Because it is easier to work with, and because we will deal with simple processors in this chapter, we use CPI. Designers sometimes also use instructions per clock (IPC), which is the inverse of CPI.

Consider our performance example on page 52, here modified to use measurements of the frequency of the instructions and of the instruction CPI values, which, in practice, are obtained by simulation or by hardware instrumentation.

Compare these two design alternatives using Cefotetan for Injection (Cefotetan)- FDA processor performance equation.

Answer First, observe that only the CPI changes; the clock rate and instruction count remain identical. In particular, it may be difficult to measure things such as the fraction of execution time for which a set of instructions is used. In practice, this would probably be computed by summing the product of the instruction count and the CPI for each of the instructions in the set.

Since the starting point is the individual instruction count and CPI measurements, the processor performance equation is incredibly useful.

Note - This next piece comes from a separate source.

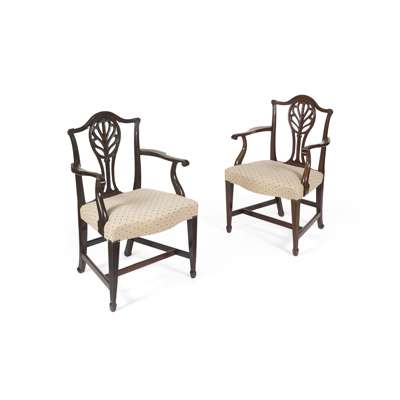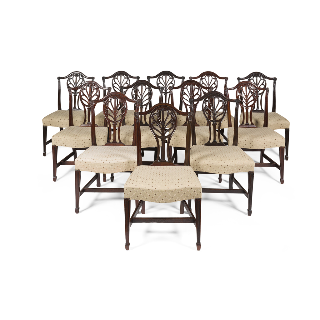 the bead moulded top rails marked at the corners with carved sunflower roundels and trailing husks, above carved and pierced anthemion splats, over wide stuffover serpentine seats covered in pale cream trellis pattern upholstery, raised on fluted square tapered legs ending in spade feet and joined by stretchers, comprising twelve side chairs and a pair of armchairs (14)

Using the processor performance equation as a design tool, we need to be able to measure the various factors.

For an existing processor, it is possible to obtain the execution time by measurement, and we know the default clock speed. The challenge lies in discovering the instruction count or the CPI. Most processors include counters for both instructions and clock cycles.

By periodically monitoring these counters, it is also possible to attach execution time and instruction count to segments of the code, which can be helpful to programmers trying to understand and tune the performance of an application. Often designers or programmers will want to understand performance at a more fine-grained level than what is available from the hardware counters.

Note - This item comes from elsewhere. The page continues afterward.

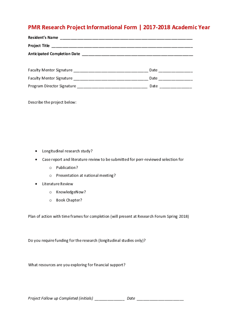 PMR Research Project Informational Form | 20172018 Academic Year Residents Name ___ Project Title ___ Anticipated Completion Date ___Faculty Mentor Signature ___ Date ___ Faculty Mentor Signature

For example, they may want to know why the CPI is what it is. In such cases, the simulation techniques used are like those for processors that are being designed. Techniques that help with energy efficiency, such as dynamic voltage frequency scaling and overclocking (see Section 1.

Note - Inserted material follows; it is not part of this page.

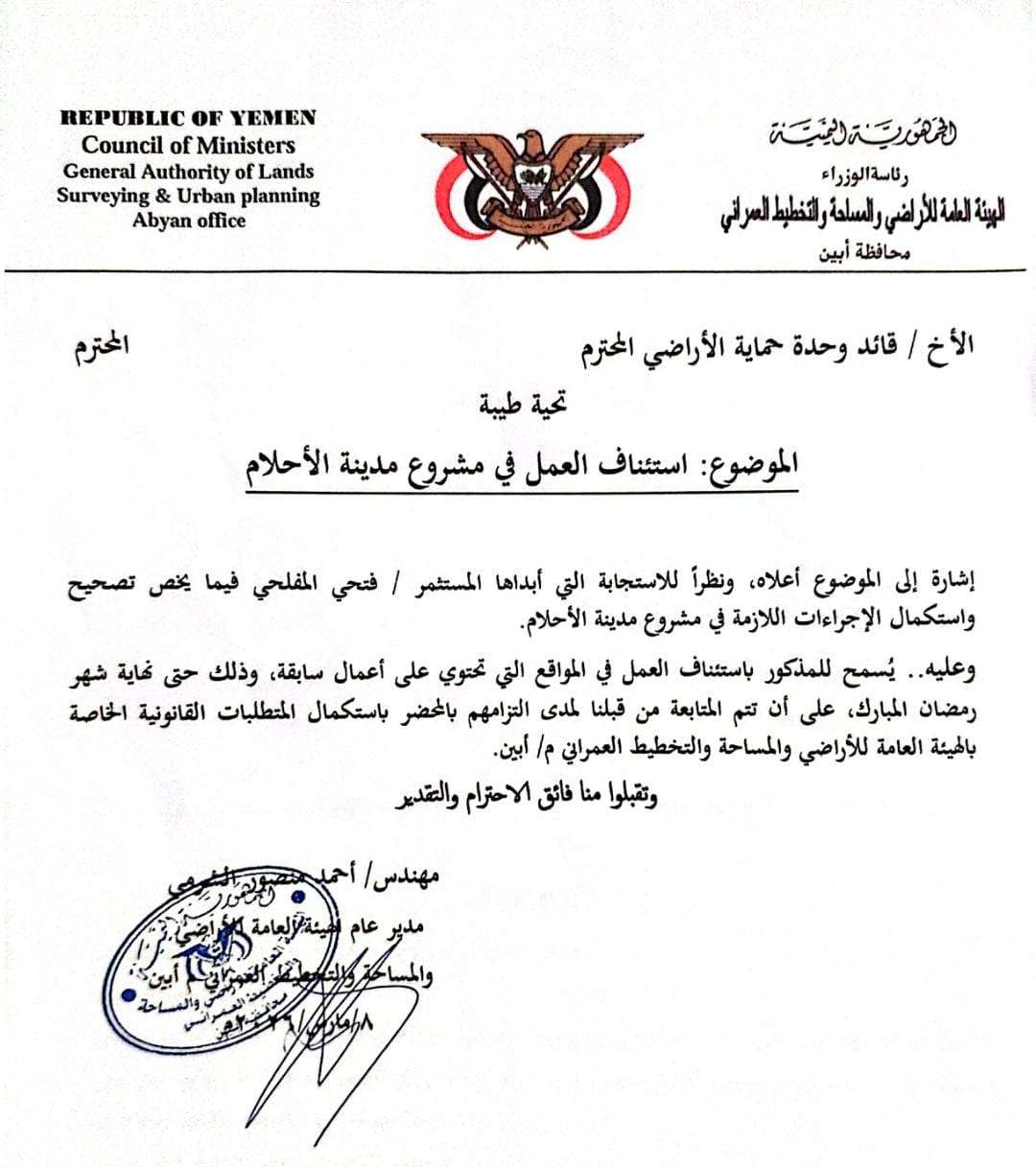 أصدرت الهيئة العامة للأراضي والمساحة والتخطيط العمراني بمحافظة أبين توجيهاً رسمياً يقضي بالسماح باستئناف العمل في مشروع مدينة الأحلام، وذلك بعد استجابة المستثمر واستكمال الإجراءات والمتطلبات القانونية الخاصة بالمشروع.

A simple approach is to turn off those features to make the results reproducible. In this section, we look at measures of performance and power-performance in small servers using the SPECpower benchmark.

To keep the price comparison fair, all are Dell PowerEdge servers. We selected a twosocket system-so 44 cores total-with 128 GB of ECC-protected 2400 MHz DDR4 DRAM. The next server is the PowerEdge C630, with the same processor, number of sockets, and DRAM. We calculated the cost of the processors by subtracting the cost of a second processor.

Similarly, we calculated the overall cost of memory by seeing what the cost of extra memory was. Hence the base cost of the server is adjusted by subtracting the estimated cost of the default processor and memory. Chapter 5 describes how these multisocket systems are connected together, and Chapter 6 describes how clusters are connected together. All are running the Oracle Java HotSpot version 1. Note that because of the forces of benchmarking (see Section 1.

The systems in Figure 1. Rather than run statically linked C programs of SPEC CPU, SPECpower uses a more modern software stack written in Java. It exercises not only the processor of the server, as does SPEC CPU, but also the caches, memory system, and even the multiprocessor interconnection system. In addition, it exercises the JVM, including the JIT runtime compiler and garbage collector, as well as portions of the underlying operating system.

As the last two rows of Figure 1. Therefore the single node R630 has the best power-performance. We call such errors fallacies. When discussing a fallacy, we try to give a counterexample. We also discuss pitfalls-easily made mistakes. Often pitfalls are violations of principles that are true in a limited context.

The purpose of these sections is to help you avoid making these errors in computers that you design.

Pitfall All exponential laws must come to an end. The first to go was Dennard scaling. Thus chips could be designed to operate faster and still use less power.

The threshold voltage was driven so low that static power became a significant fraction of overall power. The next deceleration was hard disk drives.